Wealthy Football, Baseball Players Unions Denounce MI Right-to-Work Law

As the institutional and radical left begin to descend on Lansing, Michigan in preparation for Tuesday's expected protest against right-to-work legislation passed last week, they have an interesting ally—the unions representing the multimillionaire players of professional football and baseball. 

Players Unions for both the National Football League and Major League Baseball gave statements to ThinkProgress explicitly opposing right-to-work:

Today, the legislation has a new foe: the National Football League Players Association, which represents players on Michigan’s NFL franchise, the Detroit Lions, and has come out against “right-to-work” before.

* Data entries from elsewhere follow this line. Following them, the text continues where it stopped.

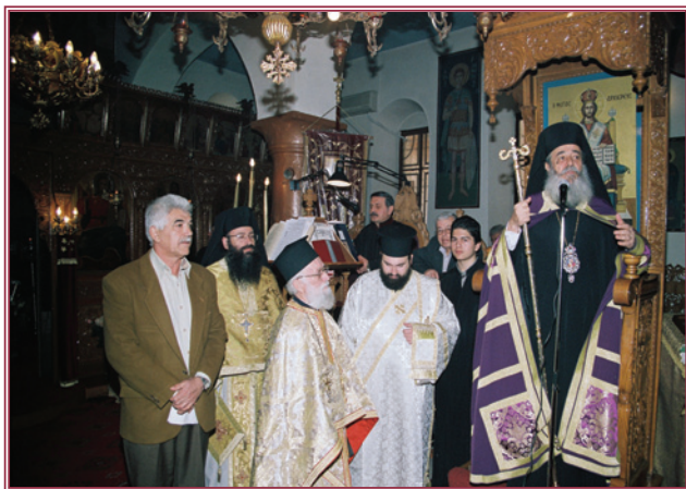
Ἀπό τή Θεία Λειτουργία στόν Ἱ. Ν. Ἁγ. Δημητρίου στό Ἄμυρι.

Τήν Κυριακή 2 Ἰανουαρίου ὁ Σεβασμιώτατος Μητροπολίτης μας χοροστάτησε καί ὠμίλησε στόν Ἱερό Ναό Ἁγ. Δημητρίου Λαμίας καί στήν συνέχεια μετέβη στόν Ἱερό Ναό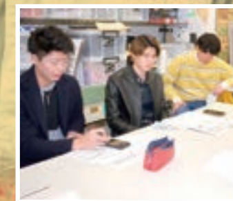
商品開発企画会議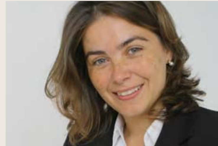
Lucía Dammert Guardia Especialista internacional en seguridad ciudadana

El Acuerdo Nacional (AN) es posiblemente la única forma para diseñar e implementar políticas desde una perspectiva de ciudadanía y convivencia en las políticas sociales en general y de seguridad ciudadana en particular. Las políticas de Estado, consensuadas con los diversos actores, es un requisito para el logro de metas efectivas en la compleja tarea de impactar sobre percepciones, comportamientos y actitudes. En los últimos años el AN ha puesto énfasis en la generación de estos espacios de diálogo así como de concertación de ideas y propuestas vinculadas con la prevención de la violencia y el aumento de la seguridad. El AN, además, ha logrado incluir muchos de los temas vinculados con las causas mismas de la violencia y la inseguridad en múltiples otras políticas de Estado generando así sinergias positivas en áreas que requieren de una fuerte intervención integral y multidimensional.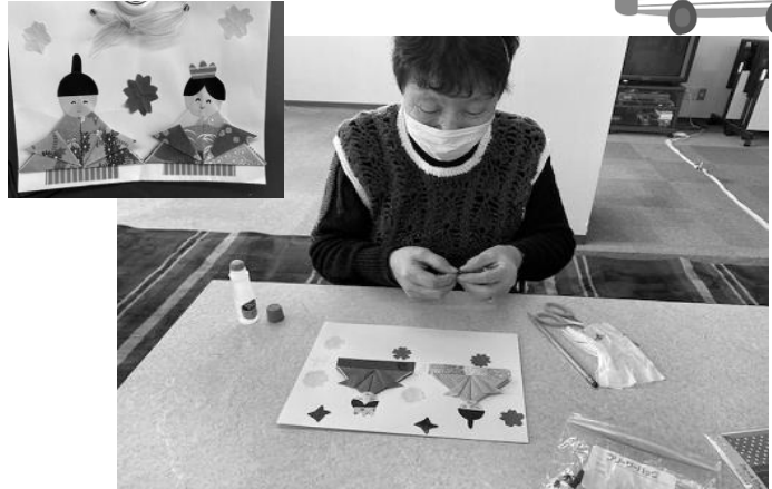
【支援員さんと一緒にお雛様づくり】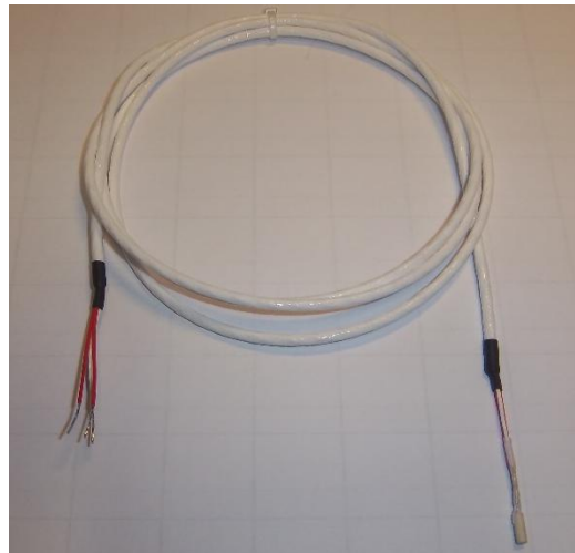
Рисунок 11 - Общий вид термопреобразователей сопротивления платиновых серии 10K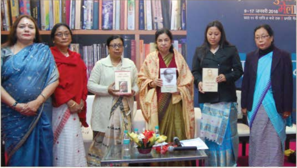
कार्यक्रम के प्रतिभागी 14 जनवरी 2016, नई दिल्ली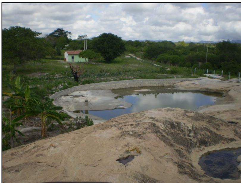
Tanque em fenda de rocha na Comunidade de Fava de Cheiro em Teixeira-PB. 13/01/2011.

A introdução dessas tecnologias sociais nas unidades de produção camponesas, principalmente das cisternas de placas, tem reduzido a incidência de doenças e ainda vem gerando renda para alguns camponeses que aprenderam a construí-las e vêm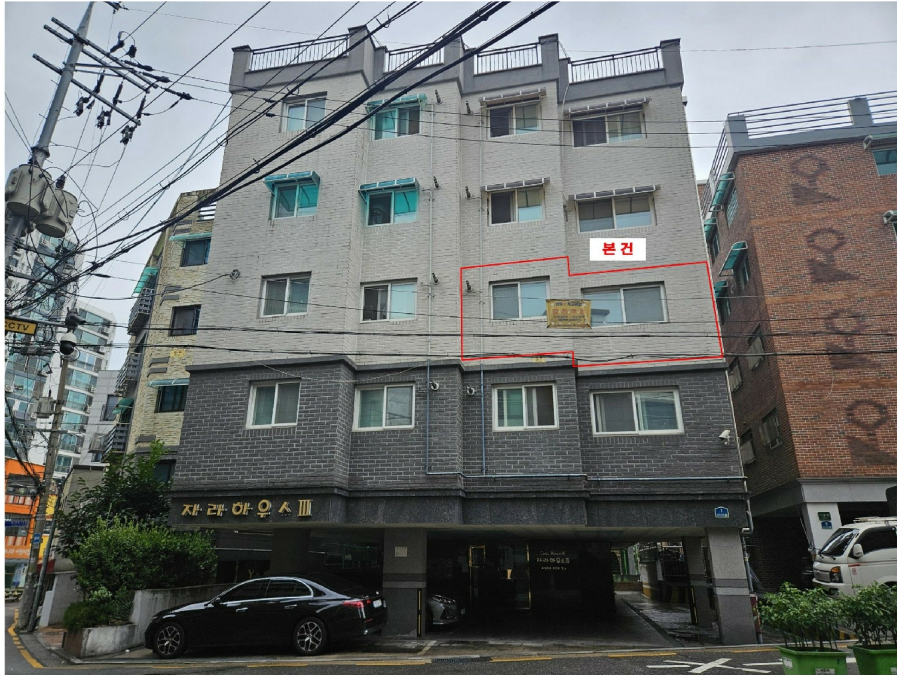
< 1 >

“We stood up against this in the past, and we stand against it in its current form in Michigan,” George Atallah, the association’s assistant executive director for external affairs, told ThinkProgress in a phone interview. “Our leadership and players are always proud to stand with workers in Michigan and everywhere else. We don’t think voters chose this, and we don’t think workers deserve this.”

Not content with just having the NFL Player's Association tell workers that they don't deserve freedom from union dues, the progressive thinkers at ThinkProgress reached out to the union that represents atheletes from the Great American Pastime:

In an email to ThinkProgress, Major League Baseball Players Association Executive Director Michael Weiner said his union also opposes the “right-to-work” push.

“Major League Baseball Players Association has always stood by the principle that all who reap the many benefits of union representation should contribute to their operation,” Weiner said. “All union members — either auto workers, teachers, firefighters, or the American League champion Detroit Tigers — oppose legislation designed to weaken unions. The economic health of our country cannot be revitalized by depriving workers of their voice in the workplace.”

In 2011, the average yearly salary of a Major League Baseball player was reportedly $3.31 million dollars while the average NFL player made $1.9 million annually. 

While both unions expressed solidarity with the unions in their drive to collect dues from workers, neither group of sports figures seem to plan to actually do anything about it. ThinkProgress notes:

Atallah said the players association had no plans for public actions against the right-to-work proceedings, but he iterated that the union stands with workers in Michigan. “We disagree with it and we’ll continue to stand with Michigan’s workers,” Atallah said.

"Stand" is apparently meant to be taken metaphorically.